Moscow: Russia cemented control over neighbouring Georgia's rebel Abkhazia region on Monday with a "strategic partnership" deal that the Georgian government said amounts to annexation.
President Vladimir Putin signed the "alliance and strategic partnership" agreement which formalises Russian dominance of the tiny separatist region's foreign policy, armed forces and economy, as well as placing Russian guards on the border with the rest of Georgia.
The signature "is a step towards a de facto annexation of the Abkhazia region by the Russian Federation" and a "violation of the principles of Georgia's territorial integrity and international law," Georgian Foreign Minister Tamar Beruchashvili told journalists.
"The Georgian government condemns the illegal step."

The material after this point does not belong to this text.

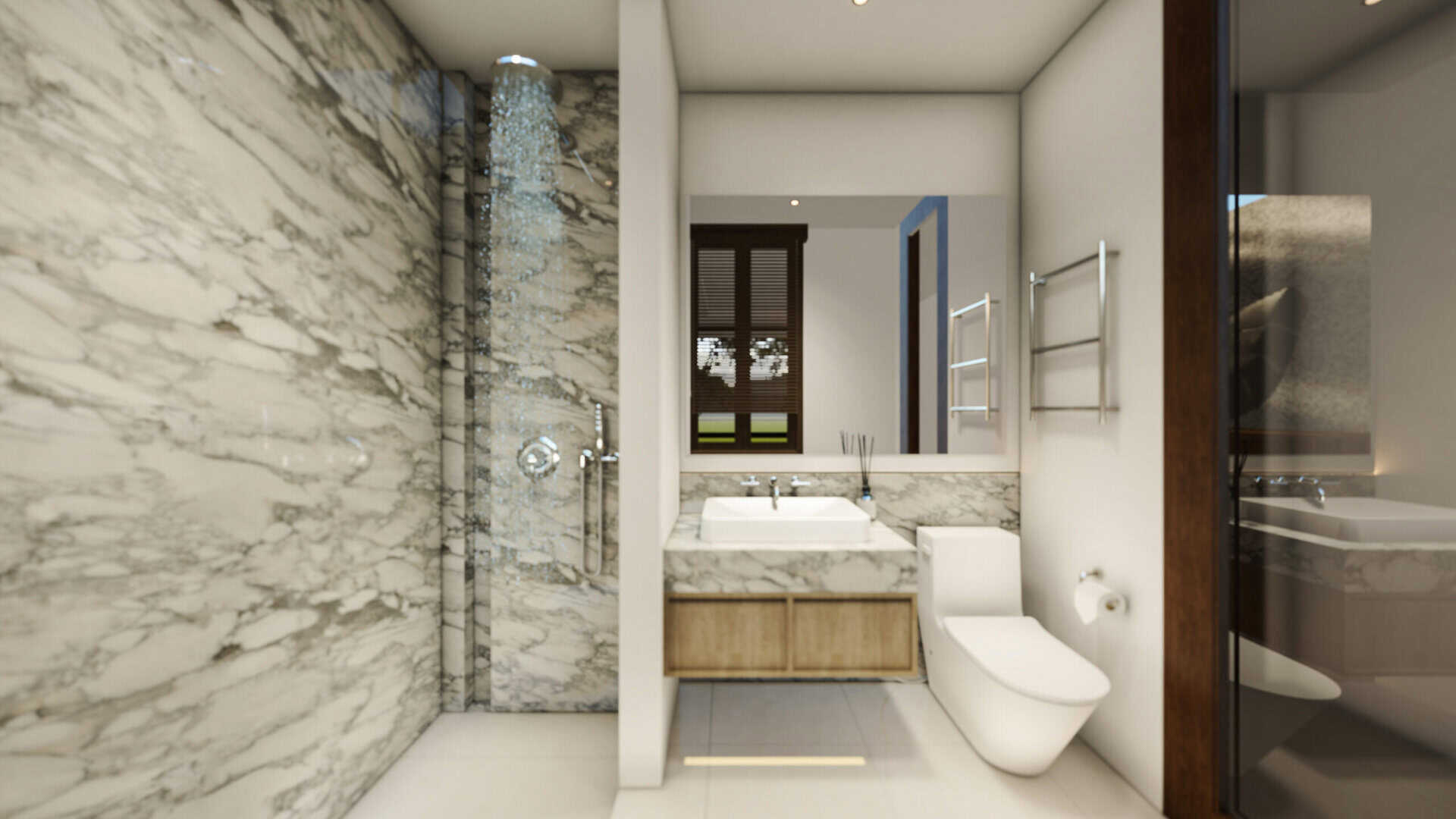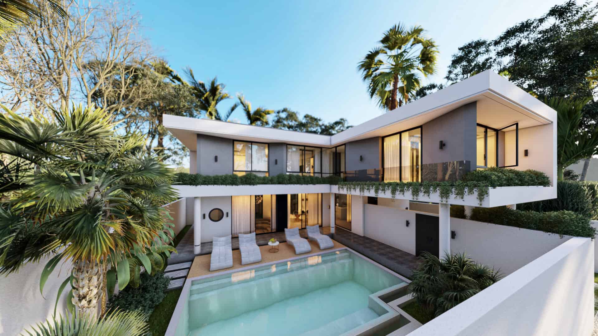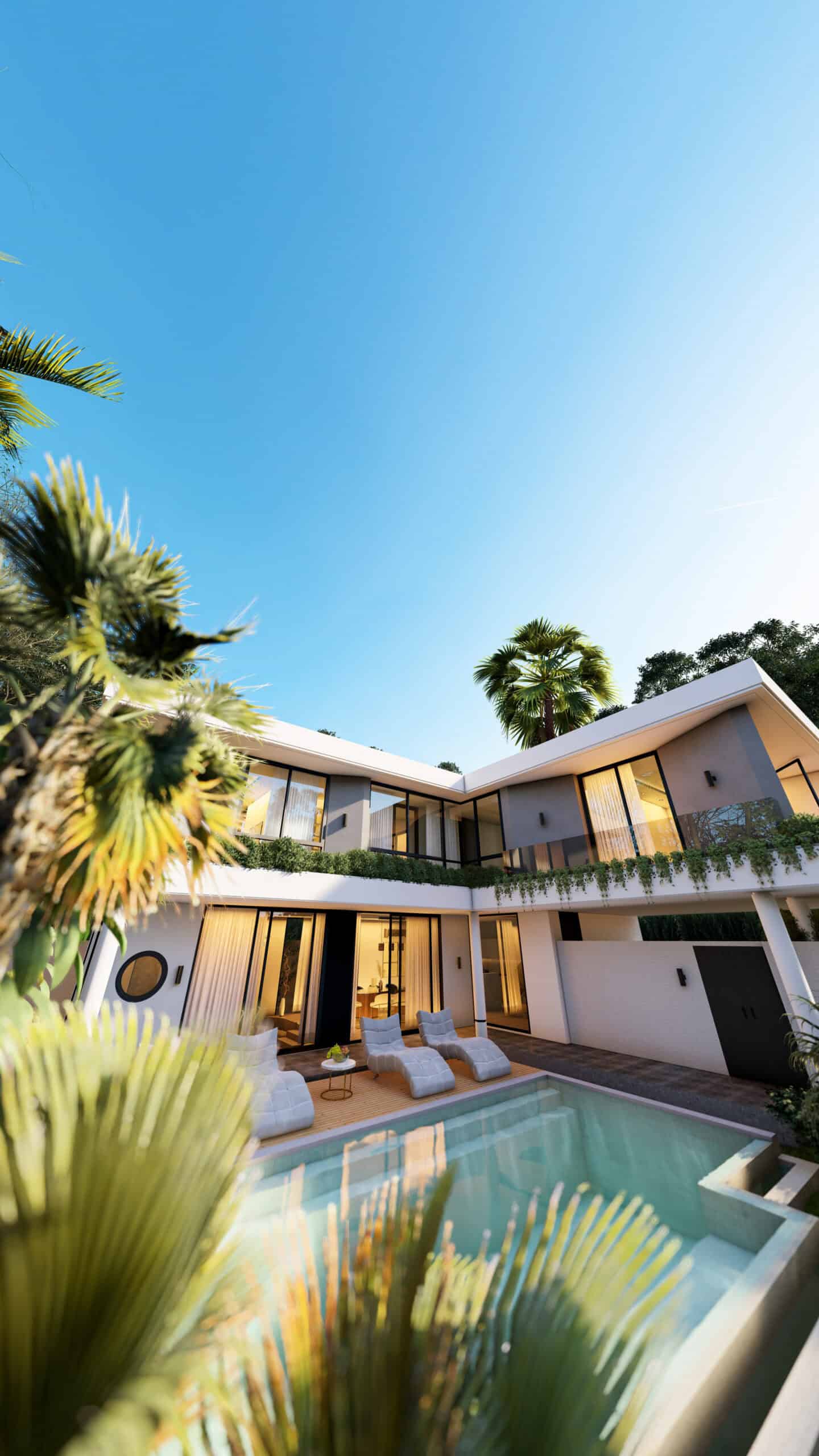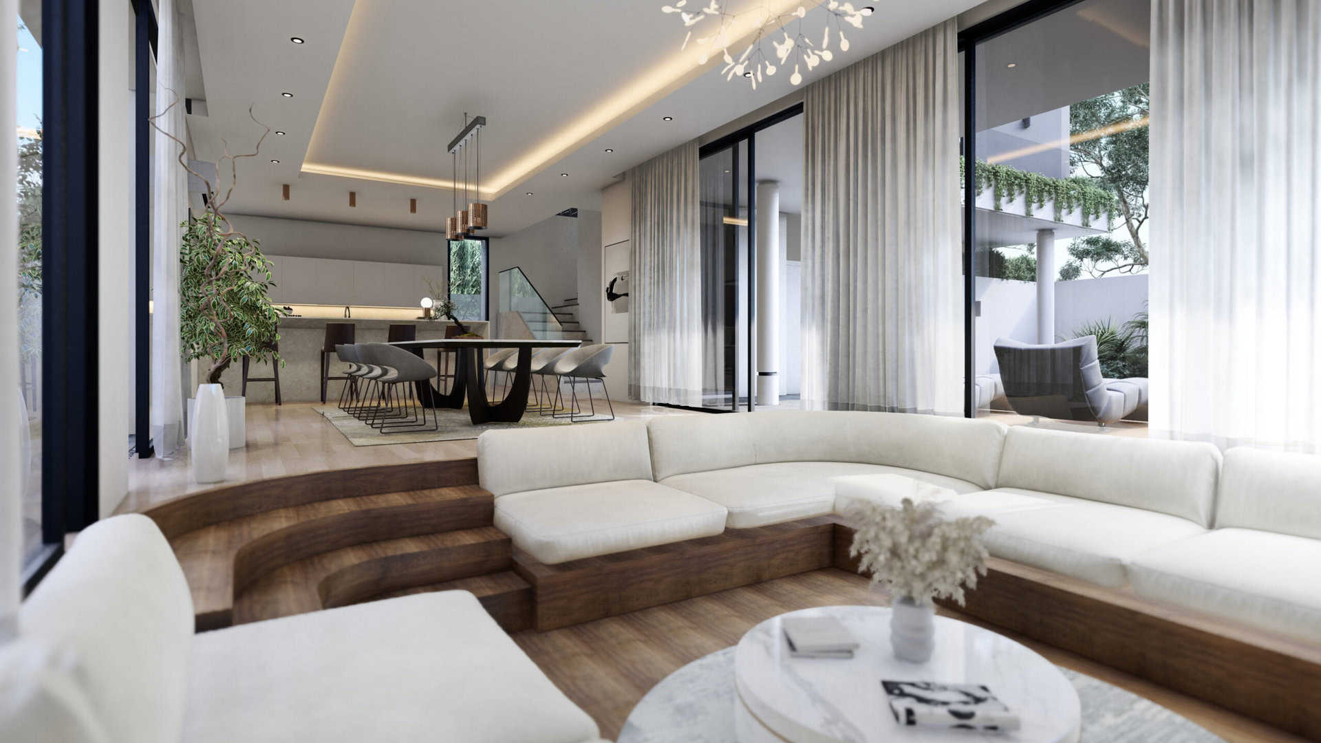 Boasting a modern design with a pristine white aesthetic, the villa occupies between 364.11 and 370.29 sqm of land, offering a spacious 372.55 sqm interior. It comprises 4 bedrooms, 4 bathrooms, a cozy living room, a well-equipped kitchen, and an inviting dining area.

More than 30,000 opposition supporters protested in Tbilisi this month against the planned deal, which comes amid a diplomatic firestorm over Russia's involvement in a separatist uprising in eastern Ukraine and annexation of Crimea last March.
Abkhaz opposition parties have also voiced fears that the agreement undermines their tiny would-be country's bid for real independence.
Some provisions of the agreement "may have undesirable consequences for the sovereignty" of Abkhazia, the Council of Abkhazia's Public Chamber said on Friday.
The deal that Putin signed after talks with Abkhaz President Raul Khajimba in the Black Sea resort of Sochi says Moscow and Sukhumi will unite armed forces and jointly guard Abkhazia's border with Georgia.
It also creates a shared law enforcement system and a common economic and customs space.
The agreement, which says it is prompted by "new global and regional challenges and threats," specifies that any attack against Abkhazia will be viewed as aggression against Russia, which will provide military aid.
Putin also said that Russia would give Abkhazia five billion rubles (USD 111 million) in 2015.
"We have set new tasks and long-range goals. They are backed up with serious financing," Putin said, quoted by Interfax news agency.
Abkhazia broke away from Georgia following a civil war in the 1990s. The war between Moscow-backed separatists and Tbilisi forced some 250,000 residents to flee their homes, most of them ethnic Georgians.